Operation Manual

22 Verhelpen van storingen
7. Verhelpen van storingen
Voeding/koppelingindicator op het oudertoestel gaat niet
branden
Controleer of het oudertoestel is ingeschakeld.
Controleer of de meegeleverde batterij goed is geïnstalleerd en opgeladen.
Het oudertoestel opladen door het apparaat op het lichtnet aan te sluiten.
Voeding/Koppeling-indicator op het babytoestel knippert
Het babytoestel is mogelijk niet gekoppeld met het oudertoestel. Zie
paragraaf4.8 om het babytoestel te koppelen.
Het oudertoestel en babytoestel kunnen buiten elkaars bereik zijn.
Verminder de afstand tussen de toestellen, maar op minimaal 1 meter
onderlinge afstand.
Het babytoestel kan zijn uitgeschakeld. Schuif de AAN/UIT-schakelaar op het
babytoestel naar AAN.
pictogram op het oudertoestel knippert
De batterij in het oudertoestel is zwak. Sluit het oudertoestel aan op het
lichtnet met de meegeleverde voedingsadapter.
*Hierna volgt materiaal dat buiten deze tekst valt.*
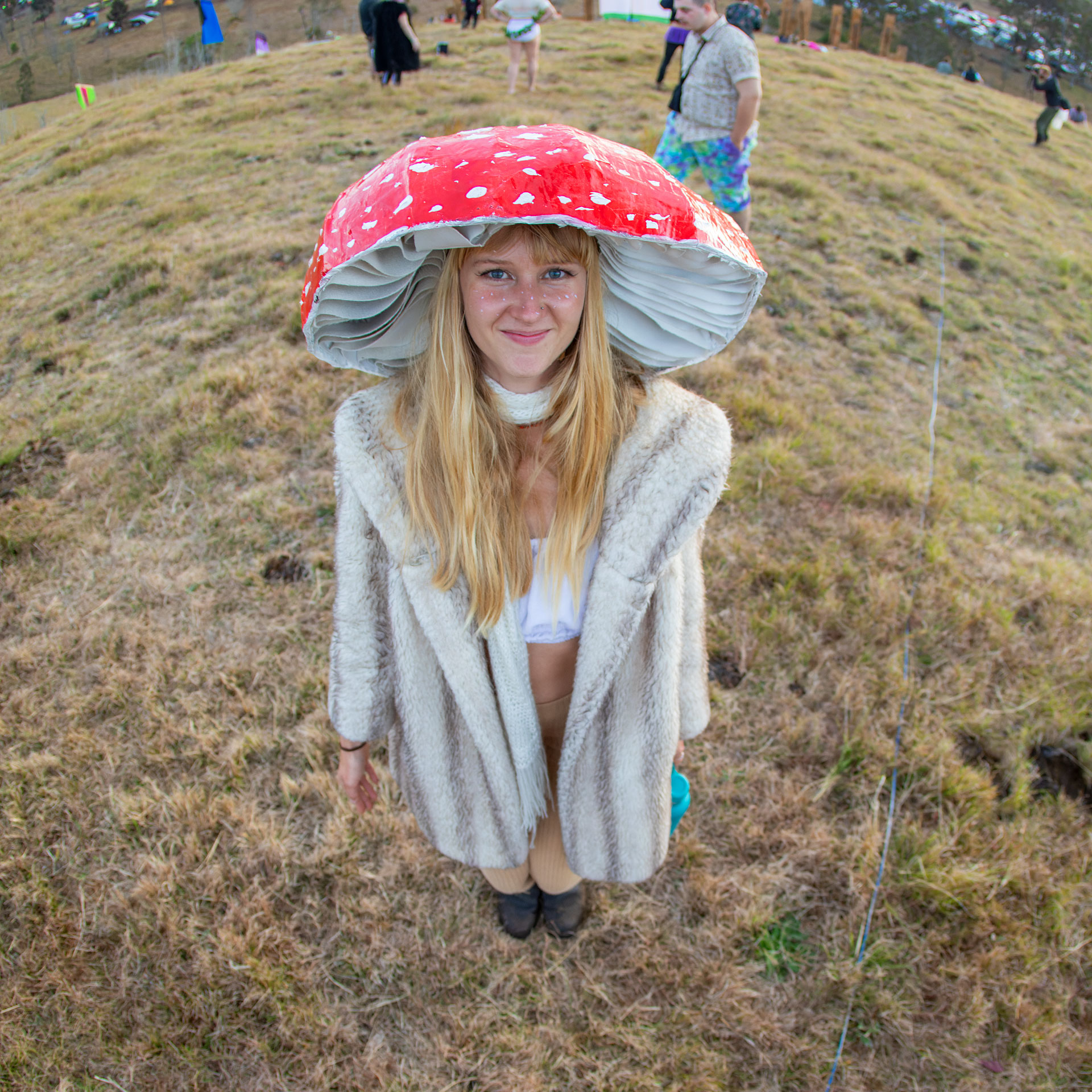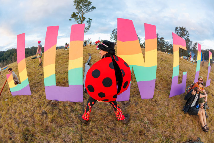 The rain eased off during the day, and we even had an almost-sunset on the hilltop, complete with festival-hilltop-y things like hooping, festival fairies, mushroom people and an excellent ladybug-lady.

Het oudertoestel geeft een pieptoon
De verbinding tussen het oudertoestel en het babytoestel kan zijn
verbroken. Verminder de afstand tussen het oudertoestel en het babytoestel,
maar op minimaal 1 meter onderlinge afstand.
Het babytoestel kan zijn uitgeschakeld. Schuif de AAN/UIT-schakelaar op het
babytoestel naar AAN.
De batterij in het oudertoestel is zwak. Sluit het oudertoestel aan op het
lichtnet met de meegeleverde voedingsadapter.
Het alarm klinkt. Druk op een willekeurige knop om het alarm te resetten, of
zet het alarm uit op het menu als het niet gebruikt wordt.
• Het temperatuuralarm klinkt. Controleer de temperatuur, en indien nodig
stel het bereik in. Schakel het alarm uit als het niet is vereist.